It wasn't too hard to think of a topic, because I've been a bit obsessed with how hard it is to collect music these days. It's easier than ever to find new music to like or love, but our mechanisms for collecting that music in a meaningful way haven't kept pace with all of those discovery methods.

I've been thinking about this a lot:

We have amazing music discovery tools these days -- the best, for sure, that humanity has ever had. Artist-based radio stations and the ability to "tag" songs playing around us, even on their own, would be amazing, but of course we have many, many more tools for finding music in the wide world of apps, and on the web. As of this morning, you can hear a crowdsourced playlist by tapping on a pretty picture, for crying out loud.

I spent many years reviewing the first "portable digital music players" for consumers -- everything from the first MP3 player to the iPod that eclipsed them all -- but now I'm thinking about a different definition of "portable music," now that music players have followed music from the physical into the purely digital domain (in that players are apps made out of ones and zeroes rather than actual hardware, the same way that songs are ones and zeroes now, rather than plastic discs or magnetic tape).

Here's a new definition of "portable" music that takes into account the world in which we now live:

  • When I buy a song, I get to have that song on any device, or service, for the rest of my life. I should be able to buy that song forever, regardless of future formats, devices, services, music lockers, and so on. This seems only fair, if I'm going to spend a dollar or more on a single track. Forcing people to re-buy music worked as physical formats replaced one another every decade or two, but now, the transience of digital music files and the pace of all these changes discourage people from buying in the first place. You don't buy something unless you're going to feel like you own it.
  • When I build an artist station or favorite an artist, anywhere, that needs to come with me too. It's astounding how many times we have to tell all of these different apps which artists we're into. Computers are supposed to be good at remembering stuff, so why do we have to remind them constantly?
  • If I pay for a music subscription, anything I "collect" (in the Spotify or Rdio sense of the word, meaning that I've grabbed that song out of all the millions in the world and selected it for inclusion in my cloud-based library), it comes with me if I, say, switch from Spotify to Rdio, Rdio to Rhapsody, Rhapsody to Google Play, MOG/Beats to Deezer, and so on.

With regards to this new definition of "portable" music, our music's actually less portable than it's ever been, even as we've gained the ability to stream just about anything from the cloud to our headphones.

"But," you say, "why would Pandora want people to bring their artist stations to iHeartRadio?

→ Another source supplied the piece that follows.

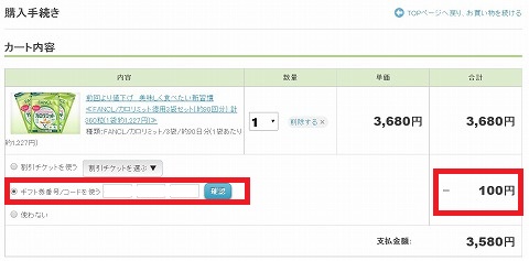 合計金額1,000円以上のお好きなクーポンを購入時に、コードを入力すると100円の割引を受けることができます。1回のご購入手続きに1つのギフトコードがご利用でき、他の割引チケットとの併用は不可となっています。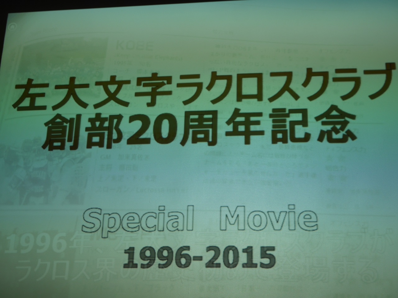 当週刊左大文字でも告知してきた20周年パーティが26日、西梅田キララにてとり行われた。チーム立ち上げ時のメンバーから今年加入の現役選手まで総勢58が集まり、これまでの歴史を振り返りつつ思い出話に華を咲かせた。

Why would Rdio want people to be able to grab their collections and go to Rhapsody? And why would iTunes or Amazon want people to be able to grab all purchases in a flash and put them in whatever cloud locker they want?"

Yes, making music truly "portable" would require a level of cooperation never before seen between these competing services. However, it would make their digital music stores, streaming radio stations, and on-demand music services so much more valuable -- as in worth paying for. And that, as just about anyone can tell you, is sort of the core issue with music for the past 14 years.